Tove Ditlevsen, alle origini dell’autofiction
Ai primi del Novecento Vesterbro, il quartiere a luci rosse di Copenaghen, puzza di birra e urina; dai cortili salgono le grida di famiglie che si picchiano e s’insultano, a colpi di bastoni e gambe di sedie; a Vesterbro abitano operai e immigrati, «ci sono ubriachi stesi al bordo della strada, con la testa rotta e sanguinante», e il silenzio della notte è rotto dalle sirene di polizia e ambulanze. È qui che nel 1917 nasce Tove Ditlevsen, una delle autrici più celebrate in Danimarca, riscoperta prima negli Stati Uniti – dove ha cavalcato l’onda dell’eterna diatriba tra memoir e autofiction – e adesso in Italia, dove i primi due volumi della sua Trilogia di Copenaghen, rispettivamente Infanzia e Gioventù, sono usciti per i tipi di Fazi nella traduzione di Alessandro Storti.

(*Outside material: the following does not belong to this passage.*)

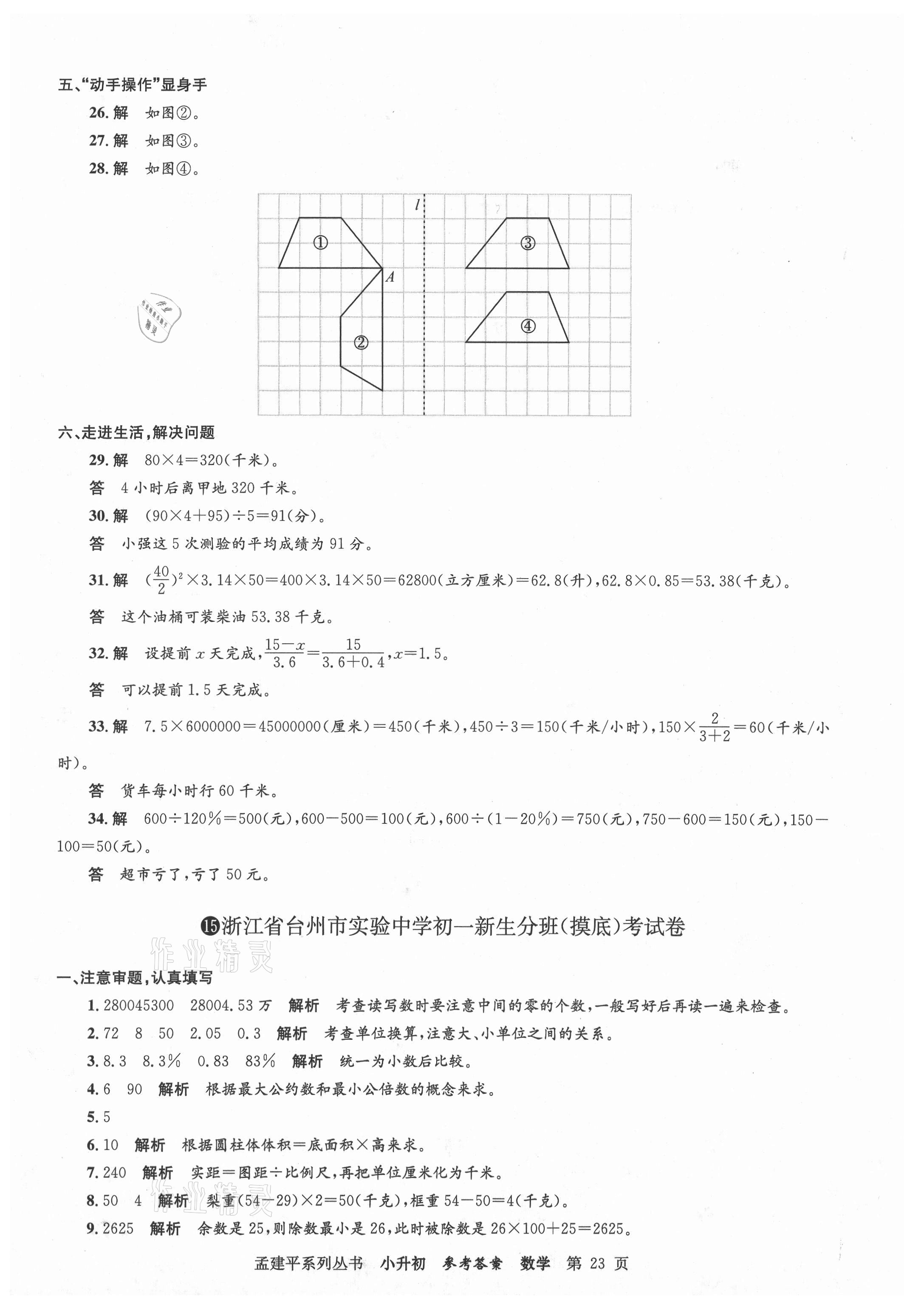 注:目前有些书本章节名称可能整理的还不是很完善,但都是按照顺序排列的,请同学们按照顺序仔细查找。练习册 2021年孟建平小升初名校新生分班摸底考试卷数学 答案主要是用来给同学们做完题方便对答案用的,请勿直接抄袭。
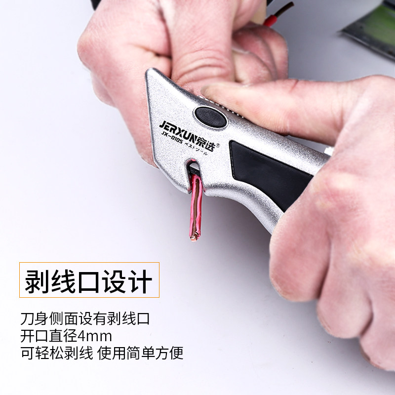 Jingxuan electrician special cable peeling utility knife industrial heavy-duty multi-function metal handle trapezoidal knife blade

Nel primo dei due volumi, Ditlevsen si rituffa nelle acque torbide dell’infanzia scandagliandole con una lucidità che ha del miracoloso: giù, «sul fondale dell’infanzia», c’è Ditlev, il padre di Tove, un convinto socialdemocratico che da giovane aveva coltivato ambizioni letterarie, ma che adesso si trova a lavorare come fuochista dodici ore al giorno. Tove si forma sui libri della sua biblioteca, lo guarda mentre sfoglia le pagine del Socialdemokraten, vorrebbe che lui le parlasse di politica, le spiegasse perché legge certi giornali e non altri, perché tiene la foto di Stauning appesa al muro – ma Ditlev, scuro e taciturno, sembra non calcolarla, chiudendosi in un analfabetismo emotivo da padre che di sua iniziativa non rivolge mai la parola alla figlia, perché «non sa cosa dire a una bambina» – salvo poi spiegarle, quando Tove gli rivela i propri sogni, che «le femmine non possono fare le scrittrici».
Ma non è all’approvazione di Ditlev che Tove mira realmente: la bussola della sua devozione punta verso Alfrida, la madre, verso «la quiete distante del suo cuore misterioso», da cui Tove cerca disperatamente di elemosinare affetto, assecondandola, compiacendola, stando ben attenta a non fare nulla che possa turbarla o, peggio, ricordarle che Tove è solo una bambina.
Alfrida è una donna semplice – il mondo esterno, in cui va con «mani che sanno di bucato», le fa paura; è una donna nervosa, che «si veste con movimenti bruschi e rabbiosi, come se ogni capo d’abbigliamento fosse un’offesa alla sua persona»; è molto pratica – vuole che sua figlia si sposi, che trovi un uomo affidabile e con un buon lavoro – perché sa che la vita che sta vivendo non è quella che aveva immaginato da giovane, né quella che vorrebbe per sua figlia: con l’arrivo della Grande Depressione, Ditlev perde il lavoro, e la famiglia comincia a percepire gli assegni di disoccupazione. Solo una volta Ditlev e Alfrida parleranno della possibilità di ottenere anche i sussidi di povertà, ma lo faranno la sera, a bassa voce, di nascosto dai figli, «perché era una vergogna insopprimibile, alla stregua dei pidocchi e dell’affido familiare».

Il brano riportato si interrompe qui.